**To do**
After finding the line containing "午餐安排的是官厅灶台鱼,怀来" below, please output that line and each following one through the line containing "يُضمَر إلّا فعلٌ", exactly as written.

**Input data**
※ ※ ※
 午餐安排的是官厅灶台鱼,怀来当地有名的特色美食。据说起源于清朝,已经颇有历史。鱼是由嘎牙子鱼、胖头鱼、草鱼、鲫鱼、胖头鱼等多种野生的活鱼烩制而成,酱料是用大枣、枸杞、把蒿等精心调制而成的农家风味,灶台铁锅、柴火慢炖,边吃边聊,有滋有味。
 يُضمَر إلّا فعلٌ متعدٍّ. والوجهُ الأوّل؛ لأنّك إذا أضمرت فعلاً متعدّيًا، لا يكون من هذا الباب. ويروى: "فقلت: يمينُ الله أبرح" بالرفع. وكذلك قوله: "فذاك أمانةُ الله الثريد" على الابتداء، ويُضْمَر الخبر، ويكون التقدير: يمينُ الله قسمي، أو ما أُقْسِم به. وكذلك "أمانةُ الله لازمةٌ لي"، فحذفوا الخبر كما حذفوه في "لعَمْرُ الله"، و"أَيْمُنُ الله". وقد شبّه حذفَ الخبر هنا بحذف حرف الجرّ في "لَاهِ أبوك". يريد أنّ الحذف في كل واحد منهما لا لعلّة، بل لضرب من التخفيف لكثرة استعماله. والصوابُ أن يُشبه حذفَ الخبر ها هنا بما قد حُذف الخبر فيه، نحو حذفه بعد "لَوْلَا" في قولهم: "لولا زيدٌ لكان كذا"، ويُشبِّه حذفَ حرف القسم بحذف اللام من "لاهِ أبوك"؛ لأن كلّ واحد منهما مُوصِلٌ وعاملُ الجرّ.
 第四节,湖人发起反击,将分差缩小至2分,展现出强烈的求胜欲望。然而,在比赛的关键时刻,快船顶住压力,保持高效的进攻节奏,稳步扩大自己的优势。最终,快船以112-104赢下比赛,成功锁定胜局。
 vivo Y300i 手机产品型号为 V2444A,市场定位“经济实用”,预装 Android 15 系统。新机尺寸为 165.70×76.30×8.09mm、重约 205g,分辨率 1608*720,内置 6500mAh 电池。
※ ※ ※
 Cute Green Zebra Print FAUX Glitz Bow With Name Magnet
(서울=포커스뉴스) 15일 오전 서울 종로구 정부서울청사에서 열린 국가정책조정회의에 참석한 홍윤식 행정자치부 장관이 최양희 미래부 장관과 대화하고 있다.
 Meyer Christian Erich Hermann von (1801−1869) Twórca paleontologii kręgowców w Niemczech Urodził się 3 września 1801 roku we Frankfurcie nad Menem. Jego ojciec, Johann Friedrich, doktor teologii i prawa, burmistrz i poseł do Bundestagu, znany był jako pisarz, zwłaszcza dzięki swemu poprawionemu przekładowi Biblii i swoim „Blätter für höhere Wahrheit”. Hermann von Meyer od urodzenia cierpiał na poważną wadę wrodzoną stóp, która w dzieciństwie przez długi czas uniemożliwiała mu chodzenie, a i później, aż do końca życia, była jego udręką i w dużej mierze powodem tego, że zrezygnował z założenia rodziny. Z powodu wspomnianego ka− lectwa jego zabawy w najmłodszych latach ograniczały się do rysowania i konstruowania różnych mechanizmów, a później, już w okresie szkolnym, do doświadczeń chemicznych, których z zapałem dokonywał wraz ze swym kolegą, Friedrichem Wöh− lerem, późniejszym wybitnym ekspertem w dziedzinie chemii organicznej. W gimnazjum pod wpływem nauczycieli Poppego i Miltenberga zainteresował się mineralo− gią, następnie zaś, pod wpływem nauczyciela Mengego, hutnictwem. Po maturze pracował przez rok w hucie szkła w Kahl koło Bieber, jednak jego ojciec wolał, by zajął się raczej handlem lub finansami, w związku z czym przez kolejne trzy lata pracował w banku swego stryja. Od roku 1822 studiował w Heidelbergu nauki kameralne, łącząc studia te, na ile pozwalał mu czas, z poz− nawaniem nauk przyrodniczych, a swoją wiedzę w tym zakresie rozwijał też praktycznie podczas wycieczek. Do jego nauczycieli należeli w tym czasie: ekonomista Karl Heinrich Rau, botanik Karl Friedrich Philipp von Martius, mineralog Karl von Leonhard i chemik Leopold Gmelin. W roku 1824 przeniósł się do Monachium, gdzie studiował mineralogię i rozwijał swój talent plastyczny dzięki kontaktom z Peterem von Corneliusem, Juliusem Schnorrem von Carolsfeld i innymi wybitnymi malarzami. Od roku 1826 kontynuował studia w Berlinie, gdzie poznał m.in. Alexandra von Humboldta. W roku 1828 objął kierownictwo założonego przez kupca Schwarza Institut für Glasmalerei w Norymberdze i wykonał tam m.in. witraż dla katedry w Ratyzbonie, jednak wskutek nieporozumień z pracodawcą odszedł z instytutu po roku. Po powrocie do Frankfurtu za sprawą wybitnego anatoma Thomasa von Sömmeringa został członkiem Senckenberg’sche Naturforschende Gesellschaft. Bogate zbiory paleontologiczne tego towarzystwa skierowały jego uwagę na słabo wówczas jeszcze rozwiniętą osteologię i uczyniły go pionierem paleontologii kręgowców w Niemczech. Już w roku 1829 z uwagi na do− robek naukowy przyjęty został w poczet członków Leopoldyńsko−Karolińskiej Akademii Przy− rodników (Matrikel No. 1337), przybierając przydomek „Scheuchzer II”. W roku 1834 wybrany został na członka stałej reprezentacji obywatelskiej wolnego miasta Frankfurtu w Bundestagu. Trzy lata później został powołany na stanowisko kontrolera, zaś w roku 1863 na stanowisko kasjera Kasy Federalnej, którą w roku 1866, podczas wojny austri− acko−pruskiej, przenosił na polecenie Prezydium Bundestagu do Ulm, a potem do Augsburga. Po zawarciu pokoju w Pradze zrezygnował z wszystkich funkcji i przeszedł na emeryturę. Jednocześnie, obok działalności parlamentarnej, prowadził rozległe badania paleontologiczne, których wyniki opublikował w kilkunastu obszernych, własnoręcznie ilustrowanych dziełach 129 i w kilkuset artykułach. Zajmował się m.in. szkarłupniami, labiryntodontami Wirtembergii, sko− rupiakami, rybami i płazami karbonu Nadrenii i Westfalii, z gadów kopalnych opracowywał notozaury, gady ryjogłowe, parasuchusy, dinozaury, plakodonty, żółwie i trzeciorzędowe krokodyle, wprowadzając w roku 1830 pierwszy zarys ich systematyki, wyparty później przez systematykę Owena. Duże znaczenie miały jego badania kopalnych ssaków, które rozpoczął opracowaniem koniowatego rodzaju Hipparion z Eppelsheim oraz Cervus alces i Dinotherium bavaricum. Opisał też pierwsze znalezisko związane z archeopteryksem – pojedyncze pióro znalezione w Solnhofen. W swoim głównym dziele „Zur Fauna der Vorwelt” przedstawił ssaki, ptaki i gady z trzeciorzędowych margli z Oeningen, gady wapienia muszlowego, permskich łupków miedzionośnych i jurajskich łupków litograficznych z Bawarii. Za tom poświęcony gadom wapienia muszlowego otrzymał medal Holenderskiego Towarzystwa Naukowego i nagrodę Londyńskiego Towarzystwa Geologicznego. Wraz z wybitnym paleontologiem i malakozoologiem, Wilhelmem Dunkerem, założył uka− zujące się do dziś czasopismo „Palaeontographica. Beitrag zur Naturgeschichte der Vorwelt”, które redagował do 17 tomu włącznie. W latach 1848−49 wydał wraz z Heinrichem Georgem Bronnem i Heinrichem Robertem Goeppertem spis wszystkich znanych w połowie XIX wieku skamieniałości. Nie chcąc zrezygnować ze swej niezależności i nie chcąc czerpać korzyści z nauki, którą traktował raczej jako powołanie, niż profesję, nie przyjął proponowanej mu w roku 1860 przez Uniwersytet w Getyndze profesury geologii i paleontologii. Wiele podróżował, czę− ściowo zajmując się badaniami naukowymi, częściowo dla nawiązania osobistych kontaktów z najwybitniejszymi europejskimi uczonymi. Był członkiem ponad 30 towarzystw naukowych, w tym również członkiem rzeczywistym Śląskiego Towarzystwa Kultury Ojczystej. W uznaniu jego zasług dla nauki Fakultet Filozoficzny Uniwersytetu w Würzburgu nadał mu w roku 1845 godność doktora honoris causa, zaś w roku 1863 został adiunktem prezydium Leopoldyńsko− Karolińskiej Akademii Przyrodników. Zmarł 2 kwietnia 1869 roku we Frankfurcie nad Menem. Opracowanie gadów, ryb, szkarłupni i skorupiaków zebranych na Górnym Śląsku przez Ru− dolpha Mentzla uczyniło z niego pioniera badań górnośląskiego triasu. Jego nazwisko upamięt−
※ ※ ※
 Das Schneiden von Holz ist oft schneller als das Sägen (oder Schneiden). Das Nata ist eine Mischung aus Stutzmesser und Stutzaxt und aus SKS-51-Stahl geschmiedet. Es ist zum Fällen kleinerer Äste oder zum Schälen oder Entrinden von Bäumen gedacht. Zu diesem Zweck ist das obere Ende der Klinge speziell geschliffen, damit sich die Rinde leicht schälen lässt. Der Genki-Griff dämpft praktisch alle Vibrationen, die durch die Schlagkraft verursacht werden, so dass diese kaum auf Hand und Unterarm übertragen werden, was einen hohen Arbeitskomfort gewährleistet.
※ ※ ※
**Solution to this task**
 午餐安排的是官厅灶台鱼,怀来当地有名的特色美食。据说起源于清朝,已经颇有历史。鱼是由嘎牙子鱼、胖头鱼、草鱼、鲫鱼、胖头鱼等多种野生的活鱼烩制而成,酱料是用大枣、枸杞、把蒿等精心调制而成的农家风味,灶台铁锅、柴火慢炖,边吃边聊,有滋有味。
 يُضمَر إلّا فعلٌ متعدٍّ. والوجهُ الأوّل؛ لأنّك إذا أضمرت فعلاً متعدّيًا، لا يكون من هذا الباب. ويروى: "فقلت: يمينُ الله أبرح" بالرفع. وكذلك قوله: "فذاك أمانةُ الله الثريد" على الابتداء، ويُضْمَر الخبر، ويكون التقدير: يمينُ الله قسمي، أو ما أُقْسِم به. وكذلك "أمانةُ الله لازمةٌ لي"، فحذفوا الخبر كما حذفوه في "لعَمْرُ الله"، و"أَيْمُنُ الله". وقد شبّه حذفَ الخبر هنا بحذف حرف الجرّ في "لَاهِ أبوك". يريد أنّ الحذف في كل واحد منهما لا لعلّة، بل لضرب من التخفيف لكثرة استعماله. والصوابُ أن يُشبه حذفَ الخبر ها هنا بما قد حُذف الخبر فيه، نحو حذفه بعد "لَوْلَا" في قولهم: "لولا زيدٌ لكان كذا"، ويُشبِّه حذفَ حرف القسم بحذف اللام من "لاهِ أبوك"؛ لأن كلّ واحد منهما مُوصِلٌ وعاملُ الجرّ.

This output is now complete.